## Problem statement
One number, and no other words, should make up the answer: how many lines of the listing contain the string "with".

## Extracted data
#####

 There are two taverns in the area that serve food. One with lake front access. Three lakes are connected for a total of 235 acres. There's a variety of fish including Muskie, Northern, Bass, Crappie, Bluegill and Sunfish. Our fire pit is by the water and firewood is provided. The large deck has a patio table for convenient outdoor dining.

#####

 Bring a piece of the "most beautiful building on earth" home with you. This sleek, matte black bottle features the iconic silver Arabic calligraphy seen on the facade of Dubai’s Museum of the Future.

#####

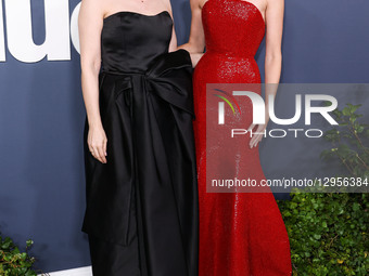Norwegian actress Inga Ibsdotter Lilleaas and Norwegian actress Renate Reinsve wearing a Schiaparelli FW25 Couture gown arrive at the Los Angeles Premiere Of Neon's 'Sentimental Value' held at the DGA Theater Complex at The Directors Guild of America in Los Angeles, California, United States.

#####

## Your solution
2